Stored dataset items

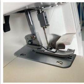
EIGHT PIECE FEED DOG FOR IMPROVED FEEDING

Offering Improved Stability, Power, and Feeding Ability
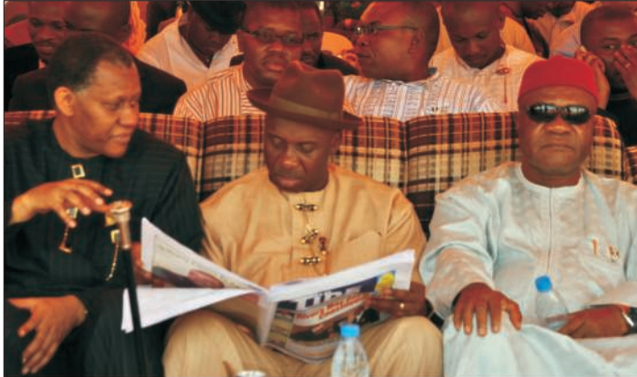
Governor Amaechi (centre) flanked by Chief Vincent Ogbulafor, National Chairman of PDP and Hon Odein Ajumogobia, Minister of State, Petroleum going through a copy of The Tide newspaper at the 70th Birthday celebration of Chief G. U. Ake, PDP chairman, Rivers State.
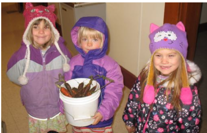
On a cold morning we harvested the last of the carrots. Below they are pulling back the husks on the popcorn that survived the raccoons.
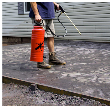
Sprayers & Building Materials
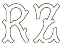
Two letter monogram

The outline version of Tagliato Monogram requires the Stylistic Alternates feature, available in most OpenType savvy applications, such as Adobe Illustrator CS (see Fig. 1). You can enable Stylistic Alternates and type out a monogram or text, or you can highlight an already setup solid monogram or text and enable Stylistic Alternates to change it to the outline style.
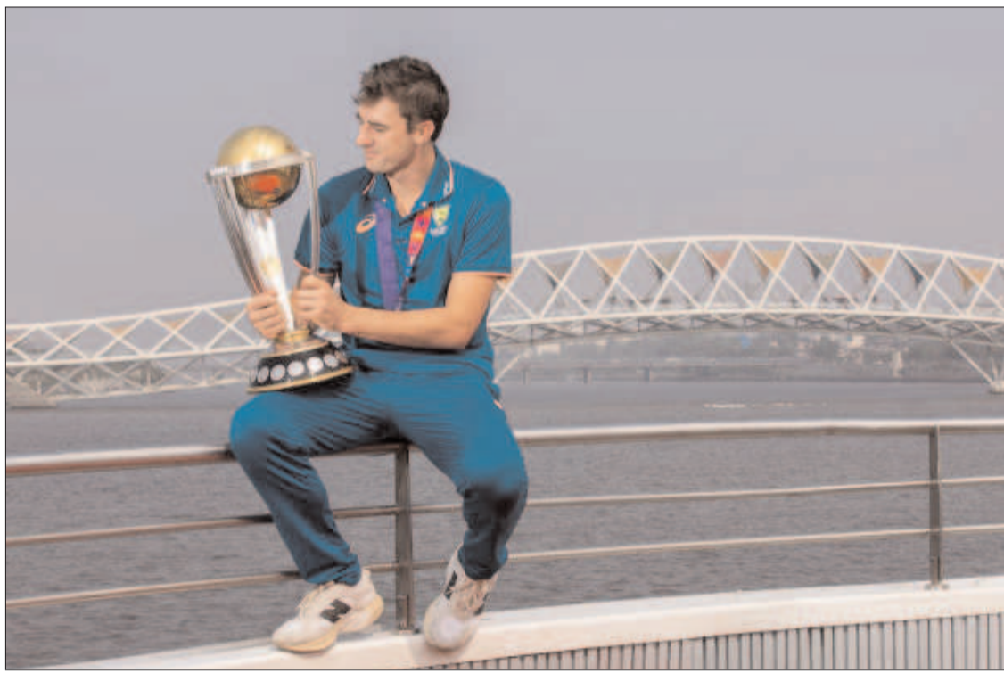
AHMEDABAD: Australia Captain Pat Cummins poses with the ICC Men's Cricket World Cup Trophy near the Atal Bridge on the Sabarmati Riverfront.

Coetzee emerged as a key force in the Proteas side following injuries to Anrich Nortje and Sisanda Magala with 20 wickets in eight matches as he became the leading wicket-taker for South Africa in a single edition of the World Cup.
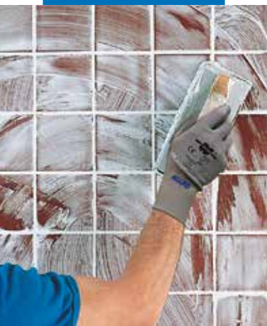
Laying the product with a rubber float

No warranty can be given or responsibility accepted other than, that the product supplied by us will meet our written specification. End users should ensure that our latest product data and safety information sheets have been consulted prior to use.

• _TO DO_
Set down exactly the lines running from the beginning of the entries above to the line that contains "Offering Improved Stability, Power, and", including both, and leave out pictures.

• _TASK RESPONSE_
EIGHT PIECE FEED DOG FOR IMPROVED FEEDING

Offering Improved Stability, Power, and Feeding Ability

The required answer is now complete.